試しテキストライブです🌟何かあればチャットお願いします。
良い兄さんの日、とりあえず思いついたのが一個あるので書いてみます。よりみちじゃないの……申し訳ありません😨
「よりいちは物知りじゃのう」
母が亡くなり、兄の地位を脅かさないように家を出た。
一昼夜走り続けた先で知り合った女の子、うたがにこにこと笑っている。
いった言葉の意味が理解できず、首を傾げた。
我ながら表情がないが、うたはなぜか縁壱の言いたいことを読み取ってくれる。
「わしのおっかぁのおっかぁは、昔お姫様じゃったらしい。そのときにいろいろ持ってきたらしいんじゃが意味が分からんものが多くてのう。村の人もああやって広い道を作ってくれたり、田んぼを見てくれたりはあったんじゃけど使い方がさっぱりでの。手放そうとしたところにちょうどよりいちが教えてくれたんじゃ」
畑の肥やしにもならんし売ろうにもこんな有様じゃから火にくべるか迷って居ったんじゃ、と元は漆塗りだった膳を乗せる台を指さした。
粟や稗などの雑穀で炊いた赤米。かろうじて汁物と呼べる湯で伸ばしたと糠で作った味噌の椀に浮かんだ野草の菜っ葉。

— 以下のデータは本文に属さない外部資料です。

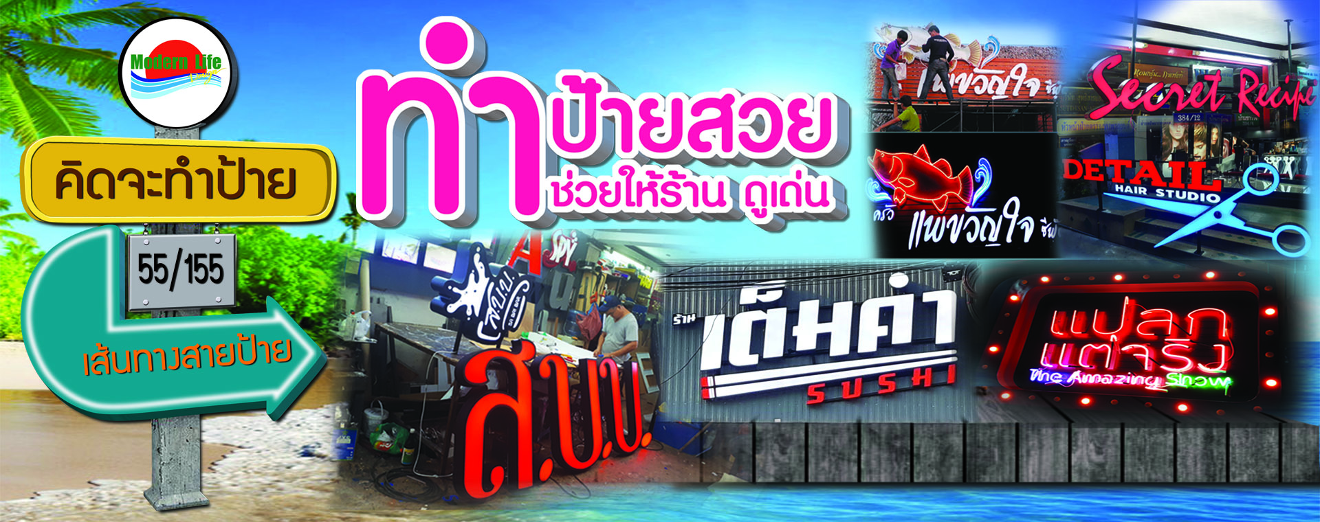 ด้วยใจรัก ในสายวิชาชีพ ภายใต้ สโลแกนที่ว่า "ป้ายสวย ดูงาม ตามสมัย" ที่เราพร้อมนำเสนอ แบบป้ายต่างๆ มากมาย เราเน้นคุณภาพงานยังเป็นที่จดจำกันได้นาน หลังจากที่ลืมราคา กันไปแล้ว เพราะการทำป้ายสวยๆ จะช่วยให้ร้านดูเด่น สะดุดตา แก่ผู้สัญจร หรือ ลูกค้า ที่ผ่านมาใช้บริการ สร้าง ความจดจำได้ง่าย ยังบ่งบอกถึง ความพิถีพิถัน ใส่ใจในรายละเอียด ของ เจ้าของกิจการนั้นๆ ได้เป็นอย่างดี จากประสบการณ์ ที่สั่งสมมา พร้อมแบบป้าย ที่นำสมัย และ ทีมช่างศิลป์ ของเรา เราหวังว่า จะได้รับโอกาส และ เป็นทางเลือกหนึ่ง ในการตัดสินใจ นะครับ

非常に質素だがうたにとっては普通らしい。もぐもぐとよく噛んでから飲み込んだ。
「箸の使い方も綺麗じゃし、どっかいいところの出じゃろ?大丈夫なんか?」
問いかけに無言でうなずく。忌み子である縁壱があれ以上家にいれば、兄がどうなっていたか想像に難くない。
幸いにもうたはそれ以上突っ込まないでくれた。ありがたい。
「教えてくれたのは誰なんじゃ?よりいちのおっとぅか?おっかぁか?」
「兄上が、おしえてくれた」
「よりいちのにぃちゃんか?」
「ああ」
『縁壱、お前の分の膳だ。にいさんは腹が一杯だからこちらも食べるといい』
『巌勝様、お父上がお怒りになられます』
『父上は今日は戻らぬ。たまには良いであろう。責は私にある』
『しかし……』
『お前に責はいかせぬ。わかったら下がれ。二度は言わぬ』
『……かしこまりました』
『さ、縁壱。待たせてすまぬな。まず箸はこう持つのだ』
『右手に箸、左手に椀を、食べるときは掬うように、そう、上手だぞ』
『これは姫飯。今日の魚は川からとった鮎。汁は味噌。漬物は梅干しだな。酸っぱいから少しずつ食べるのだぞ』
『こちらも食べてよいぞ。兄さんはお腹いっぱいなのだ。たくさん食べるといい』
「……全部、兄上が教えてくれたのだ」
「ほー、良いにぃちゃんだったんじゃのう」
「ああ」
「よりいちにとって自慢のにぃちゃんじゃな!」
「ああ。……ああ、自慢の兄上だ」
無意識に唇が弧を描くのを見て、無邪気にうたが笑った。
兄を思うとき、胸元にしまい込んだ笛がじんわりと温まっているような気がする。
大丈夫だ。兄はいつでも縁壱と共にいてくれる。
きゅ、と握りしめた細長い感触が何よりも心強かった。